Understanding Public Health Mutual Aid

Wikipedia defines mutual aid as “an agreement among emergency responders to lend assistance across jurisdictional boundaries.” It then amplifies that definition with the following particulars:  “This may occur due to an emergency response that exceeds local resources, such as a disaster or a multiple-alarm fire. Mutual aid may be ad hoc, requested only when such an emergency occurs. It may also be a formal standing agreement for cooperative emergency management on a continuing basis, such as ensuring that resources are dispatched from the nearest fire station, regardless of which side of the jurisdictional boundary the incident is on.” 

Another definition of mutual aid is offered by the Massachusetts Department of Public Health, which briefly describes mutual aid as “an inter-municipal agreement that allows communities to support each other, if their resources are stretched beyond normal capacity.”

Traditionally, when one thinks of mutual aid, the first mental images are usually of law-enforcement agencies assisting one another during large-scale incidents or events, fire departments working in tandem during major urban or rural conflagrations, or EMS (emergency medical services) teams assisting each other at horrendous traffic accidents or other major incidents likely to generate a large number of patients.

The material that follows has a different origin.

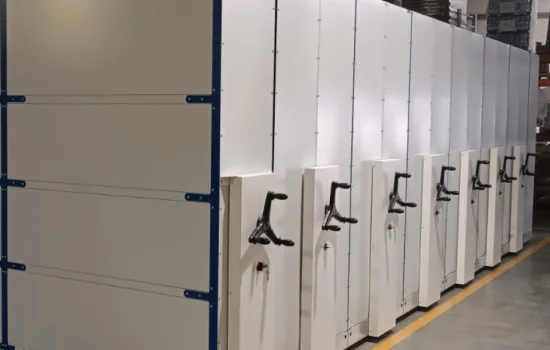 Этот тип автоматизированных передвижных стеллажей для склада оснащен электроприводом и управляется компьютерной АРМ системой. Это современное и технологичное решение.

In real life, of course, health departments across the United States effectively protect communities from infectious diseases, environmental hazards, and other grim realities of modern life each and every day through a variety of preventive, preparedness, and even response measures.   However, an event that threatens public health could quickly overwhelm the public health resources of a particular municipality, county, state, or region, even if that event does not constitute a declared emergency.  For example, an infectious-disease outbreak in any political jurisdiction may require immediate action to prevent the development of a major epidemic threatening many neighboring jurisdictions.  Additional public-health expertise and personnel – drawn from several jurisdictions – can be critical to addressing and controlling such an event.

A Richly Detailed Document – In Writing 

Mutual aid in the field of public health can consist of aid to another public-health agency in the form of personnel, equipment, facilities, services, supplies, and/or other resources and probably would include, but not be limited to, inspections, the establishment of vaccination clinics and/or emergency dispensing sites, or even administrative assistance.

One of the operational as well as legal cornerstones of effective cooperation is the establishment of a mutual-aid agreement between various local, county, state, or regional health departments.  A binding and effective public-health mutual-aid agreement should therefore, as a minimum: (a) consider the possible scope of work; (b) address such important and related issues as employment and liability; and (c) provide a formal structure both for requesting assistance from other communities and for providing assistance to those same communities.  The agreement should optimally be modeled on already existing mutual-aid arrangements – particularly in the fields of public safety and firefighting services – that have been used successfully for many years. In that context, the public-health mutual-aid agreement will and should be a logical extension of public-health planning and preparedness programs and activities.

A template approach to this integral agreement could be developed incorporating the following:

  • Section 1: Scope of the agreement;
  • Section 2: Authority – i.e., spelling out the legal authority under which the Health Department functions;
  • Section 3: Definitions – This section will define the relevant terms usually set forth in the mutual-aid agreement and would include, as a minimum, the terms mutual aid, public health agency/health department, sending agency, and receiving agency;
  • Section 4: Requests for Assistance – This section sets forth, in specific detail, the processes used both for receiving and for providing mutual aid;
  • Section 5: Limitations – This section makes clear that the provision of mutual aid is and must always be voluntary; and
  • Section 6: Liability – This section ensures that each party shall be liable for the acts and/or omissions of its own employees.

The various agencies involved in a mutual-aid agreement may want to include other sections to cover such related matters as reimbursement, overall implementation realities, workers’ compensation claims, and the possible future severability of the agreement.

Of course, the role that health departments play in planning, preparedness, and response to emergencies is always evolving.  As a logical next step in this progression, non-traditional first responders need to understand the importance of formalized mutual-aid agreements.  Understanding the capabilities of contiguous jurisdictions and hammering out the details of the formal agreements binding neighboring jurisdictions are, of course, best done prior to an actual incident or event – in which the specific details in the agreement will certainly be put to the test. 

Raphael Barishansky

Raphael M. Barishansky, DrPH, is a public health and emergency medical services (EMS) leader with more than 30 years of experience in a variety of systems and agencies in positions of increasing responsibility. Currently, a consultant providing his unique perspective and multi-faceted public health and EMS expertise to various organizations, his most recent position prior to this was as the Deputy Secretary for Health Preparedness and Community Protection at the Pennsylvania Department of Health, a role he recently left after several years. Mr. Barishansky recently completed a Doctorate in Public Health (DrPH) at the Fairbanks School of Public Health at Indiana University. He holds a Bachelor of Arts degree from Touro College, a Master of Public Health degree from New York Medical College, and a Master of Science in Homeland Security Studies from Long Island University. His publications have appeared in various trade and academic journals, and he is a frequent presenter at various state, national, and international conferences.